The foregoing descriptions of the Business Combination Agreement and the Tender and Support Agreements are not complete, and each of them is qualified in its entirety by the full text of the Business Combination Agreement and the Tender and Support Agreements, as applicable, which are attached hereto as Exhibit A and Exhibit B, respectively, and the terms of which are incorporated herein by reference.
 
 
Item 5.
Interest in Securities of the Issuer.
 
 .
 
Item 5 of the Schedule 13D is hereby amended and restated in its entirety as follows:
 
 
(a,b)
As of  December 1, 2023, the Issuer had 38,647,119 common shares outstanding. Based on the foregoing, as of the date of this filing:
 
Scorpio Holdings and Ms. Lolli-Ghetti may be deemed the beneficial owners of 0 Common Shares, representing approximately 0% of the Issuer’s outstanding Common Shares.
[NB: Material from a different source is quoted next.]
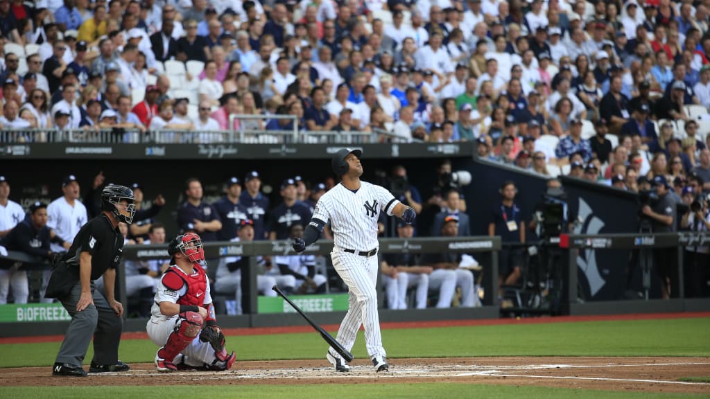 Not to be outdone, Aaron Hicks etched his name into the record books with a two-run homer over the right-field fence, bringing Encarnación home, sending Porcello to the showers and giving the Yankees a 6-0 lead. As the center fielder rounded the bases, a display on the open-air stadium’s two scoreboards showed a graphic that read, “First Home Run in London.”

Scorpio Holdings and Ms. Lolli-Ghetti have the shared power to vote and dispose of these Common Shares.
 
SSH may be deemed the beneficial owner of 0 Common Shares, representing approximately 0% of the Issuer’s outstanding Common Shares. SSH, Scorpio Holdings and Ms. Lolli-Ghetti have the shared power to vote and dispose of these Common Shares.
 
As of the date of this filing, the Principals may be deemed to be the beneficial owners of an aggregate of 0 Common Shares, with the sole power to vote and dispose of the Common Shares that each Principal respectively owns.
 
 
(c)
To the best of the Reporting Persons’ knowledge, there have been no transactions in the Common Shares effected by the Reporting Persons during the past 60 days.
 
 
(d)
No other person is known to have the right to receive or the power to direct the receipt of dividends from, or the proceeds from the sale of, any of the Common Shares beneficially owned by the Reporting Persons or the Principals.
 
 
(e)
Not applicable.
 
 

 
 
Item 6.
Contracts, Arrangements, Understandings or Relationships with Respect to Securities of the Issuer.
 
 
 
 
The information in Item 4 of this Amendment is incorporated in this Item 6 by reference.
 
 
 
Item 7.
Material to be Filed as Exhibits.
 
 
 
Exhibit A: Business Combination Agreement (incorporated by reference to Exhibit 99.2 to the Issuer's Report on Form 6-K, filed with the SEC on June 16, 2023).
Exhibit B: Form of Tender and Support Agreement (incorporated by reference to Exhibit 99.3 to the Issuer's Report on Form 6-K, filed with the SEC on June 16, 2023).
 


SIGNATURE

After reasonable inquiry and to the best of my knowledge and belief, I certify that the information set forth in this statement is true, complete and correct.

Date: December 27, 2023
 
SCORPIO HOLDINGS LIMITED*
 
 
 
By:
/s/ Filippo Lauro
 
 
Name:
 Filippo Lauro
 
 
Title:
Director and Vice President
 
 
 
SCORPIO SERVICES HOLDING LIMITED*
 
 
 
By:
/s/ Filippo Lauro
 
 
Name:
 Filippo Lauro
 
 
Title:
Director and Vice President
 
 
 
ANNALISA LOLLI-GHETTI*
 
 
 
By:
/s/ Annalisa Lolli-Ghetti
 
 
Name:
 Annalisa Lolli-Ghetti

* The Reporting Persons specifically disclaims beneficial ownership of the securities reported herein except to the extent of their pecuniary interest therein.

Attention: Intentional misstatements or omissions of fact constitute Federal criminal violations (see 18 U.S.C. 1001).